=== Section Start ===

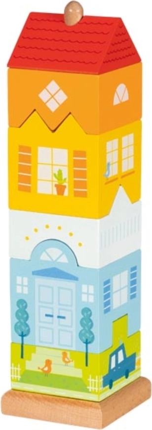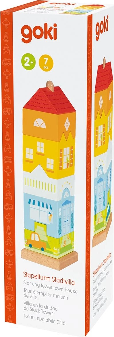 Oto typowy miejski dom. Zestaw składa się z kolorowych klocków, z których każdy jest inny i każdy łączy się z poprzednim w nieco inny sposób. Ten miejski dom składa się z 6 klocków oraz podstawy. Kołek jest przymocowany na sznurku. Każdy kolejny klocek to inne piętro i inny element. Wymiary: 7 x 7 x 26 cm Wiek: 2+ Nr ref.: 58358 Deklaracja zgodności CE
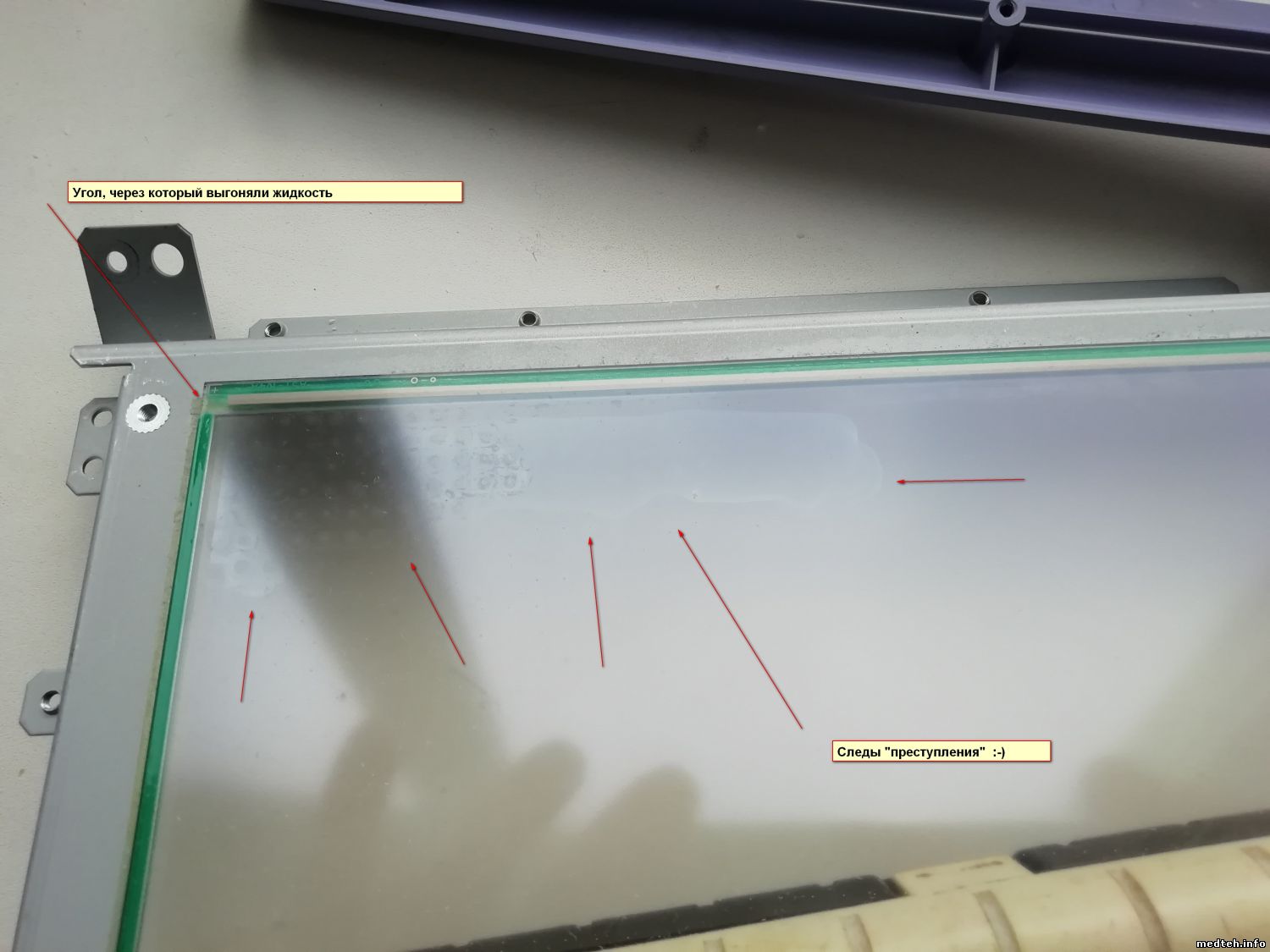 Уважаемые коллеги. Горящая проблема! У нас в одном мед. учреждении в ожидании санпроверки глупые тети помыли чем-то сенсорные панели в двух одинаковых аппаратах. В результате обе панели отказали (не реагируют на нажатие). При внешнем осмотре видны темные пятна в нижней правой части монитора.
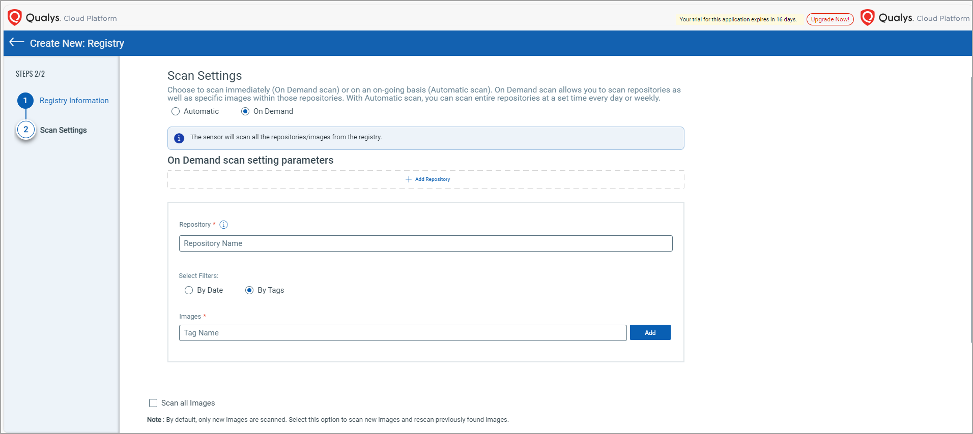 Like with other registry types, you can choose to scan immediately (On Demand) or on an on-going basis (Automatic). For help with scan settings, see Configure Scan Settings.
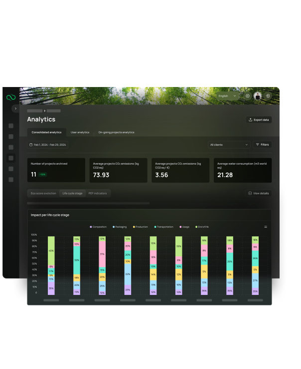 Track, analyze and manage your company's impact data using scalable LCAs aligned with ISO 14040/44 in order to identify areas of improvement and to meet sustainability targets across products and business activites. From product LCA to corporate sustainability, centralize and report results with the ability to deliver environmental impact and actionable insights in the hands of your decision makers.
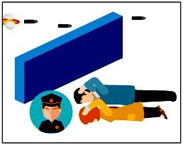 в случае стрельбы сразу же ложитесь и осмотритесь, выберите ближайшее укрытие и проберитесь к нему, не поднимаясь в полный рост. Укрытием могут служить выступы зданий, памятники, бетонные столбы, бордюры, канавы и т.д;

=== Section End ===

Exercise details → Your answer should be the lines from the line containing "Like with other" through the end of the listing above, output exactly and alone, without the pictures.

Response to the exercise →
 Like with other registry types, you can choose to scan immediately (On Demand) or on an on-going basis (Automatic). For help with scan settings, see Configure Scan Settings.
 Track, analyze and manage your company's impact data using scalable LCAs aligned with ISO 14040/44 in order to identify areas of improvement and to meet sustainability targets across products and business activites. From product LCA to corporate sustainability, centralize and report results with the ability to deliver environmental impact and actionable insights in the hands of your decision makers.
 в случае стрельбы сразу же ложитесь и осмотритесь, выберите ближайшее укрытие и проберитесь к нему, не поднимаясь в полный рост. Укрытием могут служить выступы зданий, памятники, бетонные столбы, бордюры, канавы и т.д;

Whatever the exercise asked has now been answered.